What is a Solo 401(k) and should I open one?

A Solo 401(k) — also called an Individual 401(k) or One-Participant 401(k) — is a retirement plan designed for self-employed individuals with no employees. In 2025, you can contribute up to $23,500 as the employee plus up to 25% of net self-employment income as the employer, for a combined maximum of $69,000 (or $76,500 if age 50+). Traditional Solo 401(k) contributions reduce your taxable income, potentially saving significant taxes. If your annual net SE income is over $50,000 and you’re not already maxing out a retirement account, a Solo 401(k) is one of the most tax-efficient tools available to you.
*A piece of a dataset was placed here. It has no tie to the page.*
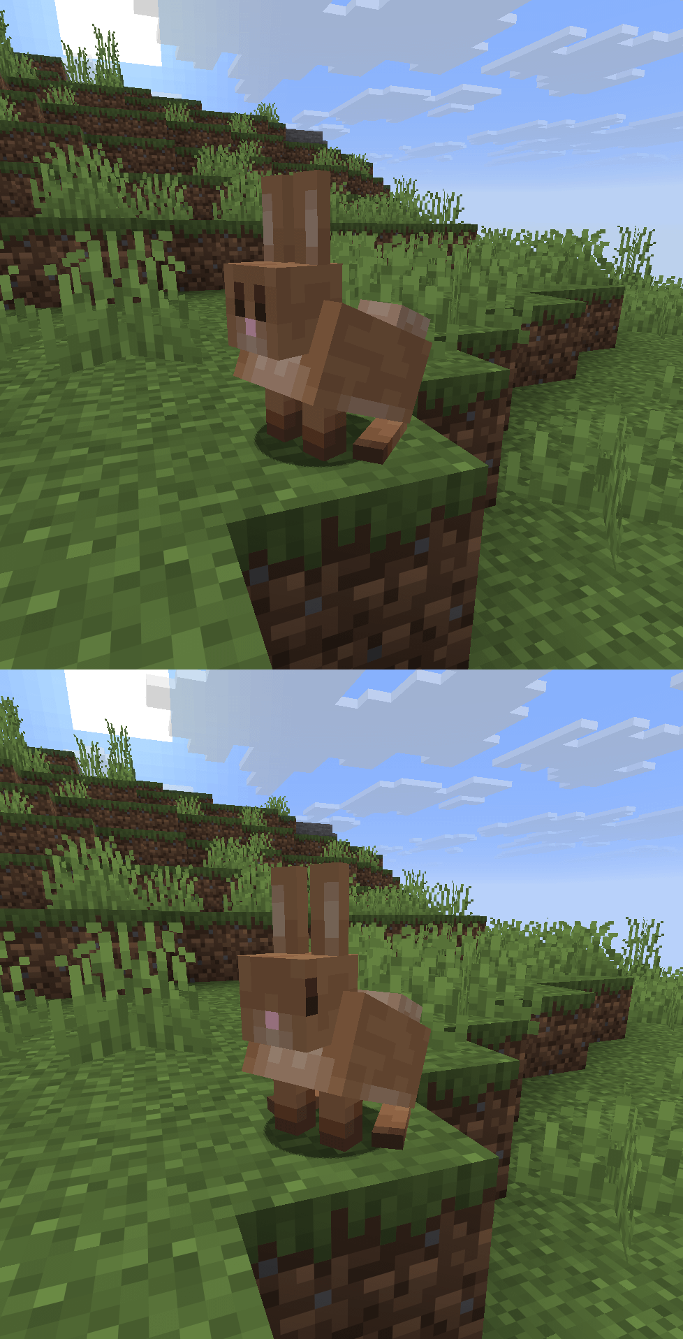 It looks great from the side but it’s going to have the same problem as the armadillo once you look at it straight on. A texture pack could maybe fix this though by changing the rabbits head to be SLIGHTLY angled, changing it from being a perfect cube to almost perfect, which would allow the eyes to be seen head on but wouldn’t exactly fit with modern Minecraft art style

Tax planning strategies for the self-employed

  • Open a separate tax savings account. Transfer 25–30% of every payment received immediately. Treat this as non-spendable money — it’s the government’s share, not yours.
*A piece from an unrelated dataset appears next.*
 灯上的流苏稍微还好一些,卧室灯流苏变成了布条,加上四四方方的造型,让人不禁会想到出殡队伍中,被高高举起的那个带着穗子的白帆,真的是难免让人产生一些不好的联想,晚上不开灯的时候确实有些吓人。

  • Max out retirement contributions. A SEP-IRA allows contributions up to 25% of net SE income (maximum $69,000). A Solo 401(k) allows even more in combined employee and employer contributions. These are among the most powerful tax reduction tools available.
  • Deduct your health insurance premium. Self-employed health insurance is 100% deductible above-the-line for you, your spouse, and your dependents. This reduces both your AGI and your income tax.
  • Track mileage from day one. At 70 cents per business mile in 2025, 10,000 documented business miles equals a $7,000 deduction. Use a mileage tracking app so you never miss a mile.
  • Consider S-corp election at higher income levels. Above roughly $50,000–$80,000 in net SE income, electing S-corp status and paying yourself a reasonable salary can reduce your total SE tax liability. Consult a CPA to evaluate whether this makes sense for your situation.